*** Block opens ***

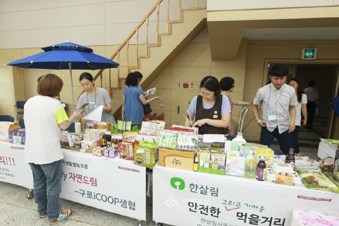 24일 서울 구로구가 구로구청 5층 강당에서 사회적 경제기업의 제품에 대한 정보를 제공하고 공공시장 판로 개척을 지원하기 위한 '사회적 경제와의 재밌는 소개팅'을 열고 제품 홍보, 구매 상담과 함께 사회적 경제를 주제로 한 토크쇼와 강연 등이 진행됐다. 사진은 참여자들이 자사 제품을 홍보하며 구매 상담 중인 모습. (사진제공=구로구청)
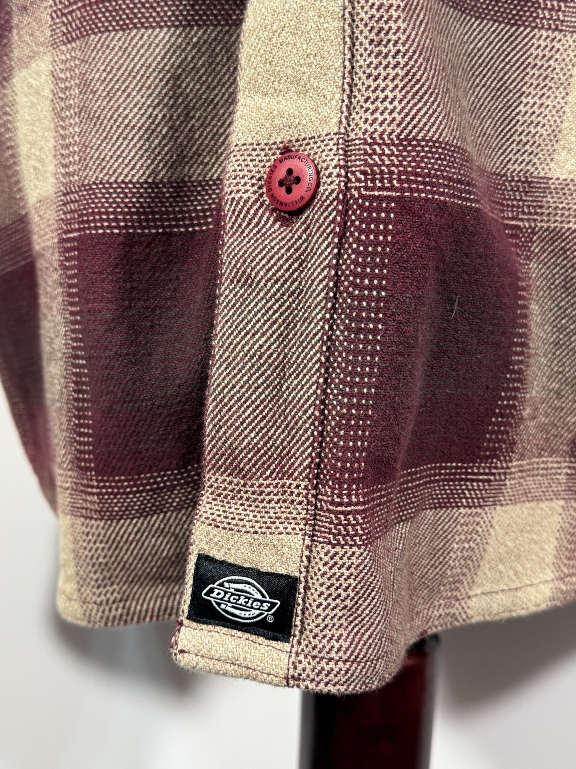 Modelul prezintă un imprimeu carouri burgundy – crem, ușor vintage, extrem de versatil și ușor de combinat în ținute casual, streetwear sau outdoor. Croiala este lejeră, durabilă, exact cum te-ai aștepta de la Dickies – brandul iconic pentru muncitori și pasionați de stil rugged.
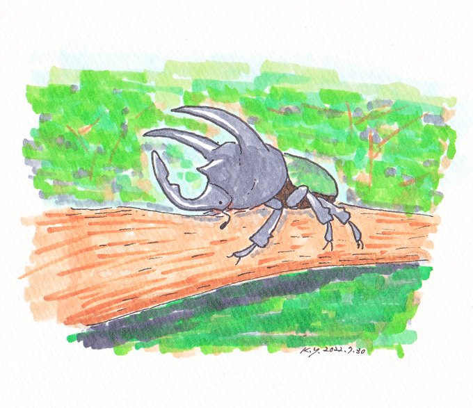20220730-1 コーカサスオオカブト Caucasus beetle instagram.com/0817yr #一日一絵 #イラスト #手描きイラスト #illustration #コピック #copic #毎日投稿 #コーカサスオオカブト #コーカサス #カブトムシ #昆虫 #甲虫 #Caucasusbeetle #insect #beetle
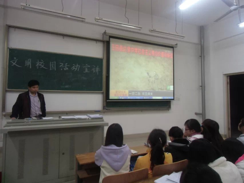 为了创建武汉市建设新型文明城市,同时结合我院创建文明单位的要求,倡导学生爱护环境,保护环境,构建文明校园。我系积极响应学院的号召,于11月13日-14日下午,我系在团学联主席黄茂新,青协副会长施洪涛等同学的带领下,完成了我系所有被安排的地方。
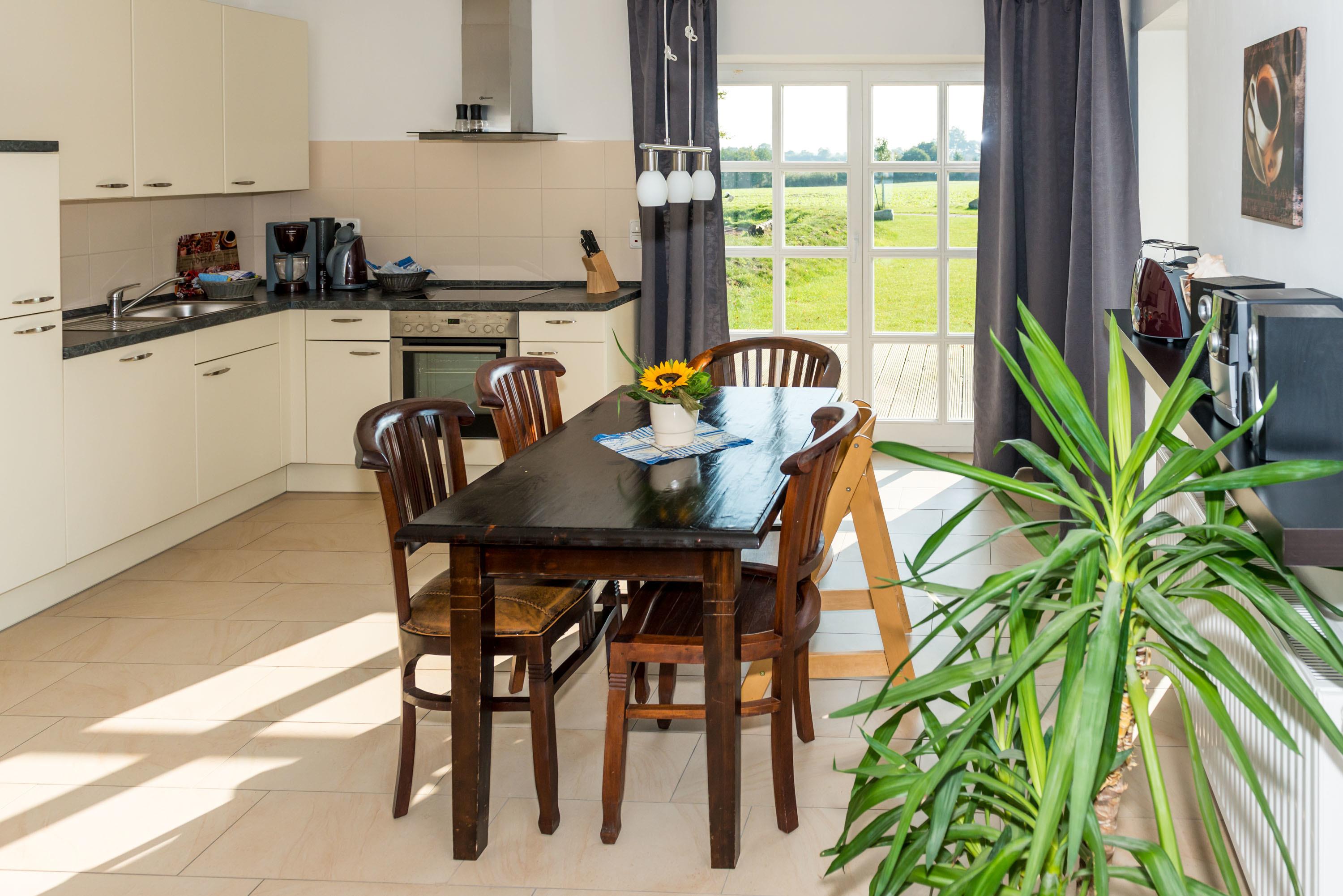 Im Backhaus genießen die Gäste modernen Komfort mit eigener Terrasse und Zugang zum Garten auf einer Ebene. Sie verfügen über ein Elternschlafzimmer mit Doppelbett und ein Kinderzimmer mit Hochbett und Einzelbett. Eine komplett ausgestattete Küche und das Badezimmer mit Badewanne und Dusche machen die Einrichtung komplett. Alle Urlauber, die sich für ein Ferienhaus entscheiden, bekommen das eigene Reich im Backsteinhaus und mit komplett eingerichteter Küche mit Mikrowelle, Backofen und Spülmaschine zur Verfügung gestellt. Auch das Wohnzimmer bietet mit Sat-TV, DVD-Player sowie WLAN und Schwedenofen moderne Bequemlichkeit. Bei schönem Wetter lockt eine große Hoplzterrasse mit gemütlichen Gartenmöbeln und Grillkarmin.
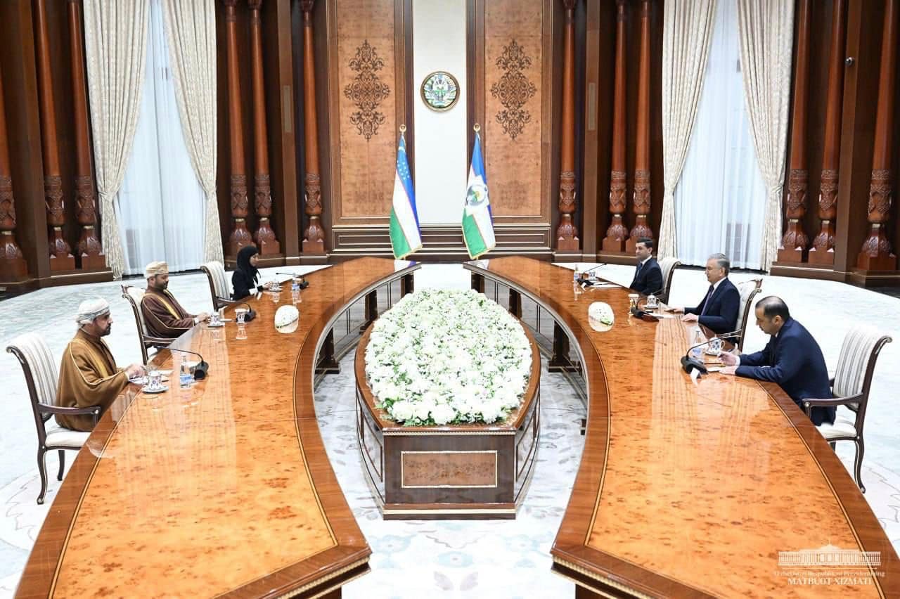 وبمناسبة انعقاد الاجتماع الوزاري الثاني لوزراء خارجية دول مجلس التعاون ودول آسيا الوسطى وزيارة معالي السيد وزير الخارجية على رأس وفد سلطنة عمان المشارك، استقبل فخامة الرئيس شوكت ميرضيانييف رئيس جمهورية أوزبكستان معالي السيد بدر بن حمد بن حمود البوسعيدي وزير الخارجية في مبنى إدارة رئيس الجمهورية.
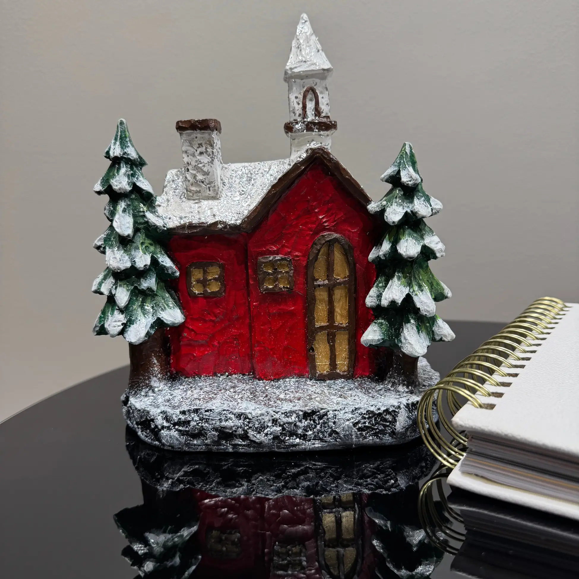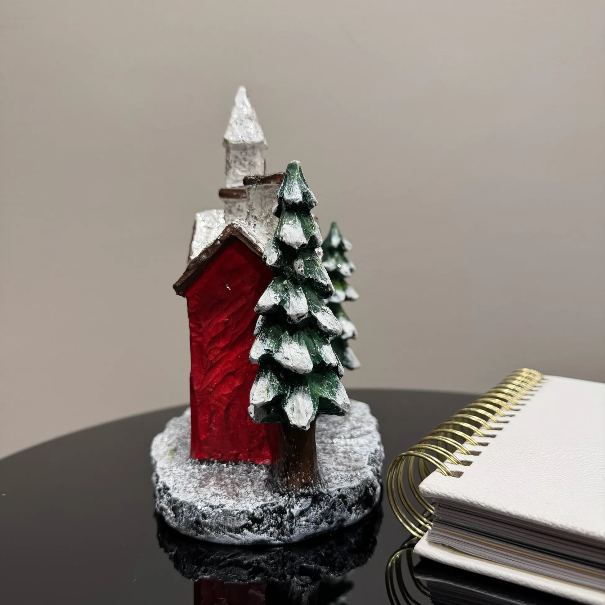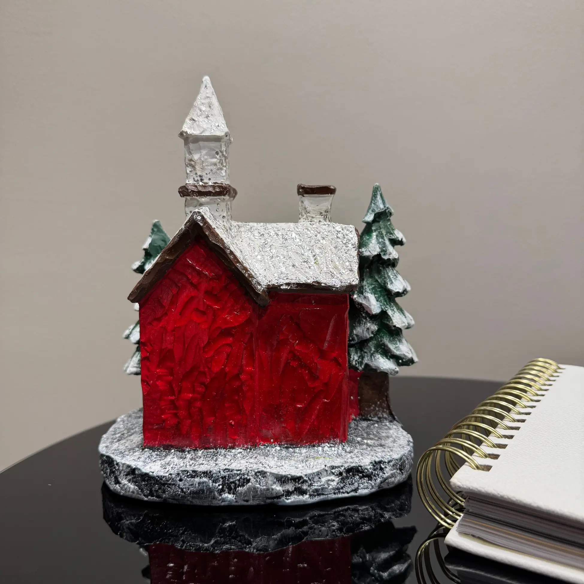 Our handmade resin Christmas house figurine is crafted with high-quality materials, ensuring durability and long-lasting beauty. Unlike fragile ceramic alternatives, this decorative holiday home is sturdy and resistant to cracks or chips. It is meticulously hand-painted with acrylic paint, adding depth and charm to its snowy red cottage design. This unique handmade piece serves as both a holiday accent and a collectible winter village house for those who appreciate fine craftsmanship.
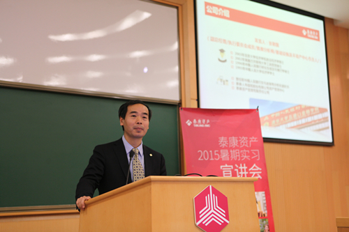 在宣讲会环节,泰康资产的董事总经理、首席分析师、基础设施及不动产投资中心负责人、五道口校友张敬国介绍了泰康资管的基本情况。
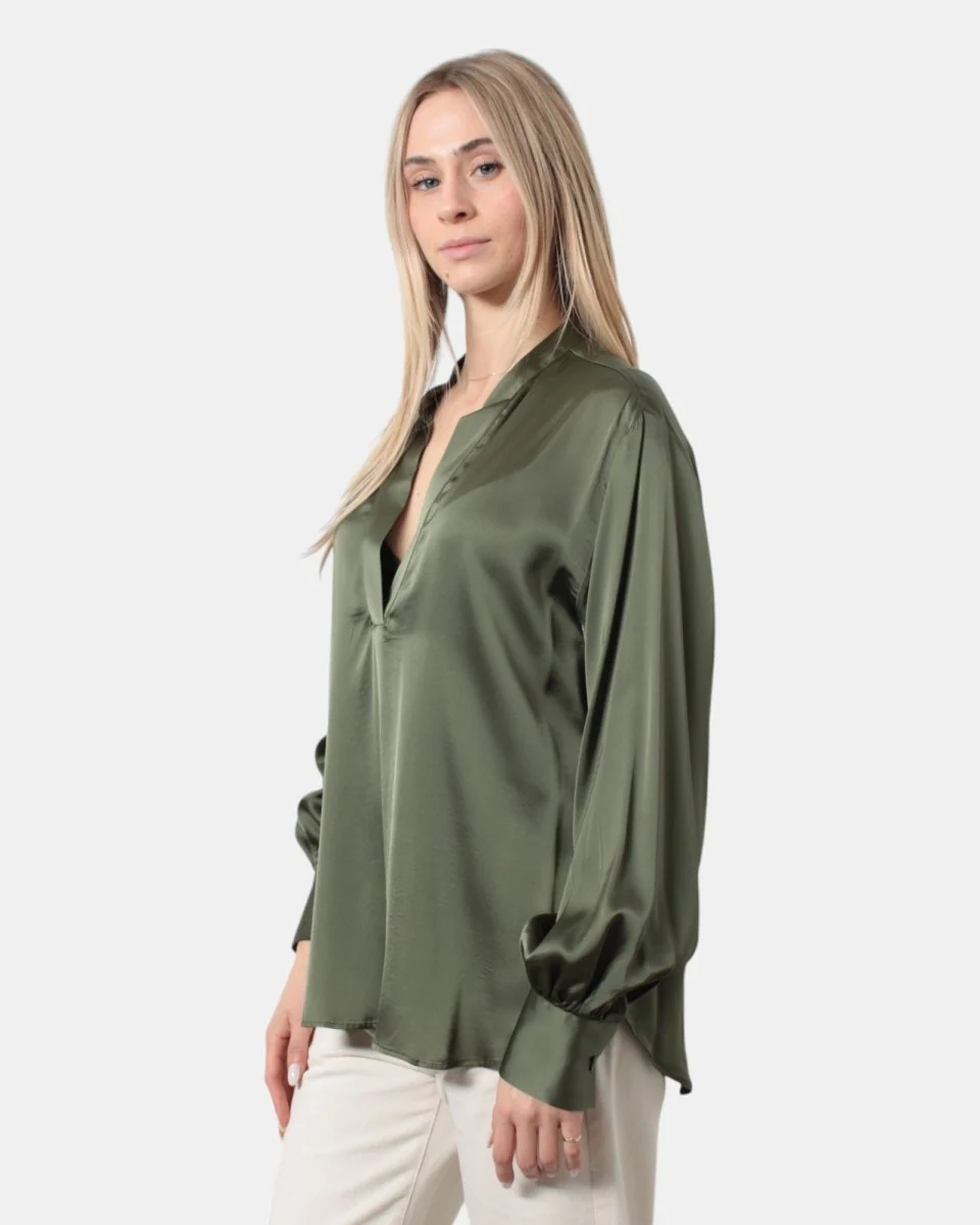 La maglia di Academia presenta scollatura frontale a V, un bottone sul fondo della manica, dalla sua morbida composizione in 97% viscosa e 3% spandex. Si consiglia lavaggio a max 30 gradi . La modella è alta 1,67 m e indossa una L
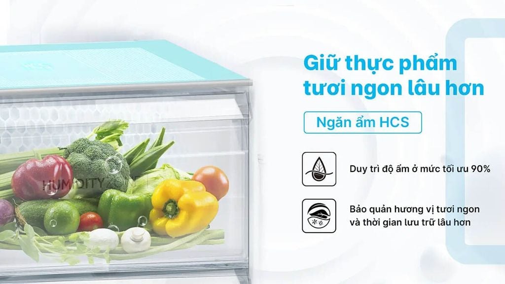 Ngăn ẩm HCS giữ cho thực phẩm được bảo quản tươi lâu hơn bằng cách duy trì độ ẩm ở mức tối ưu. Ngăn này giúp bảo quản được hương vị tự nhiên của thực phẩm và kéo dài thời gian lưu trữ.Ngăn ẩm HCS giữ thực phẩm tươi lâu hơn
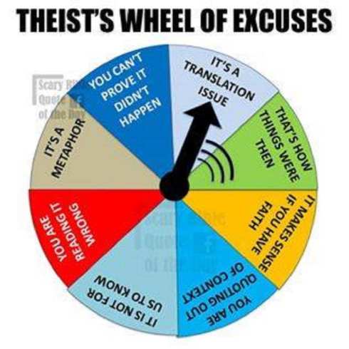 The DWR Sunday Relgious Disservice – The Theist Wheel of Excuses
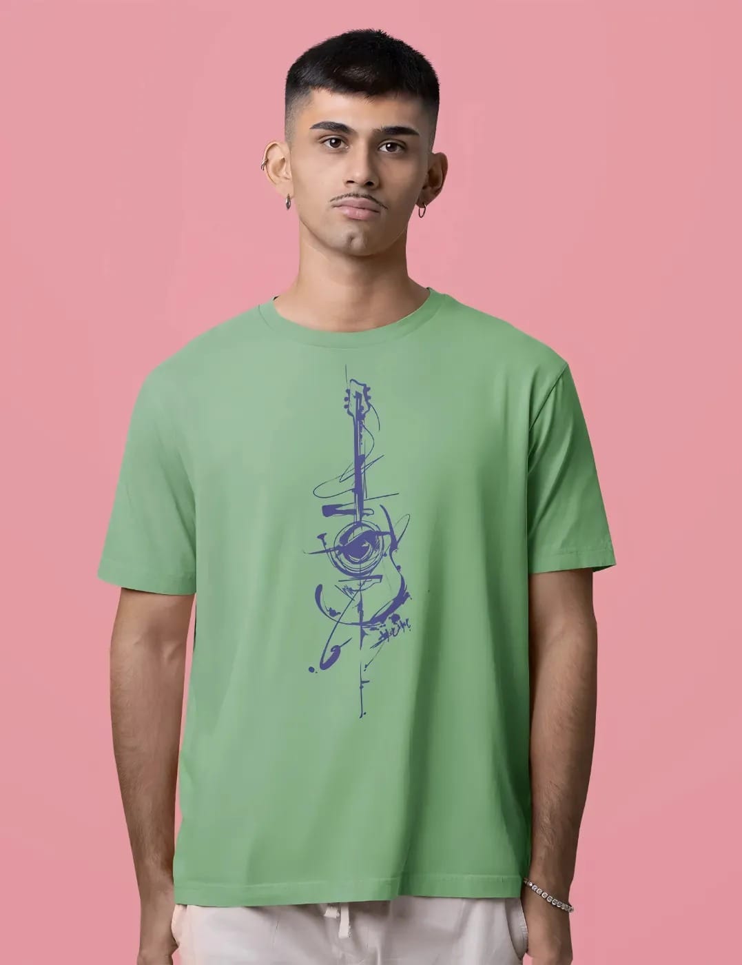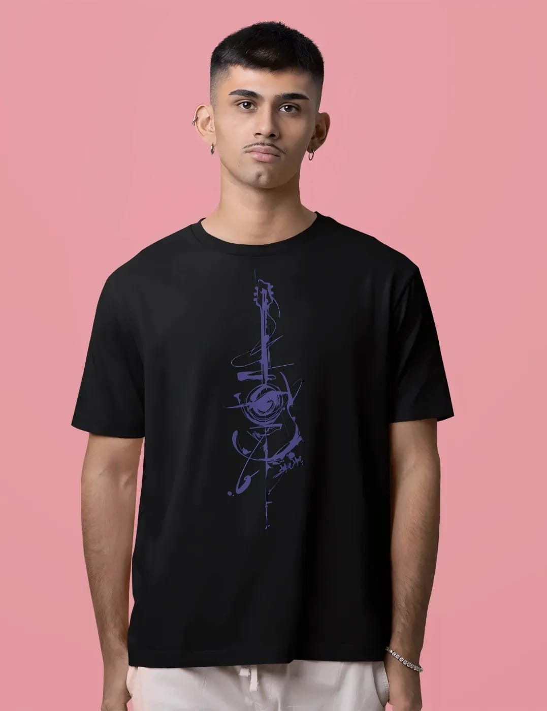 Prints N Plains (PNP) Guitar Abstract | Men’s Oversized Round Neck T-shirt
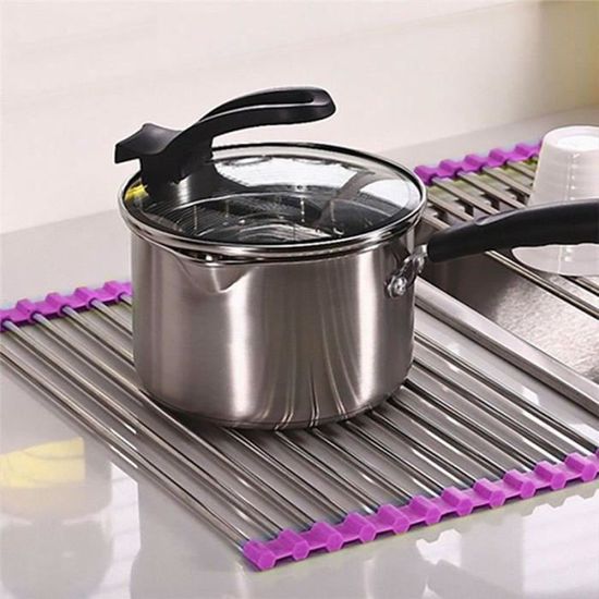 Sur une table ou un plan de travail, ce tapis déroulable peut également être utilisé comme dessous de plat pour protéger la surface de la chaleur. Il est assez grand pour y poser un plat à tarte ou une plaque de four. Dimension : 37 x 23 cm (12 tubes). Égouttoir à vaisselle en plastique pour évier Égouttoir de séchage pour plats Plateau de tri Pour gagner de la place dans votre petite cuisine, il suffit de dérouler cet égouttoir en acier et de le poser sur l'évier. Utilisable également en tant que dessous-de-plat pour casseroles et poêles. LIWI-Égouttoir à vaisselle antidérapant en acier inoxydable - Multi-usage - Pliable - Pour... Extrêmement antidérapant. Résiste à la chaleur jusqu'à 250 °C. Idéal pour faire sécher la vaisselle et égoutter les fruits et légumes. Tapis égouttoir enroulable pour vaisselle., Couleur Fuchsia. Étagère pour évier de cuisine, extensible, en inox, 40×12×9 cm, égouttoir, support pour... SHOP-STORY - Égouttoir Antidérapant En Acier Pour Evier Le revêtement en silicone en fait un ustensile hygiénique et antidérapant.

*** Block closes ***

▸ **Exercise directions**:
Begin at the line that contains "Prints N Plains" and transcribe every line through the end of the listing, exactly as written. Omit the pictures.

▸ **Response**:
 Prints N Plains (PNP) Guitar Abstract | Men’s Oversized Round Neck T-shirt
 Sur une table ou un plan de travail, ce tapis déroulable peut également être utilisé comme dessous de plat pour protéger la surface de la chaleur. Il est assez grand pour y poser un plat à tarte ou une plaque de four. Dimension : 37 x 23 cm (12 tubes). Égouttoir à vaisselle en plastique pour évier Égouttoir de séchage pour plats Plateau de tri Pour gagner de la place dans votre petite cuisine, il suffit de dérouler cet égouttoir en acier et de le poser sur l'évier. Utilisable également en tant que dessous-de-plat pour casseroles et poêles. LIWI-Égouttoir à vaisselle antidérapant en acier inoxydable - Multi-usage - Pliable - Pour... Extrêmement antidérapant. Résiste à la chaleur jusqu'à 250 °C. Idéal pour faire sécher la vaisselle et égoutter les fruits et légumes. Tapis égouttoir enroulable pour vaisselle., Couleur Fuchsia. Étagère pour évier de cuisine, extensible, en inox, 40×12×9 cm, égouttoir, support pour... SHOP-STORY - Égouttoir Antidérapant En Acier Pour Evier Le revêtement en silicone en fait un ustensile hygiénique et antidérapant.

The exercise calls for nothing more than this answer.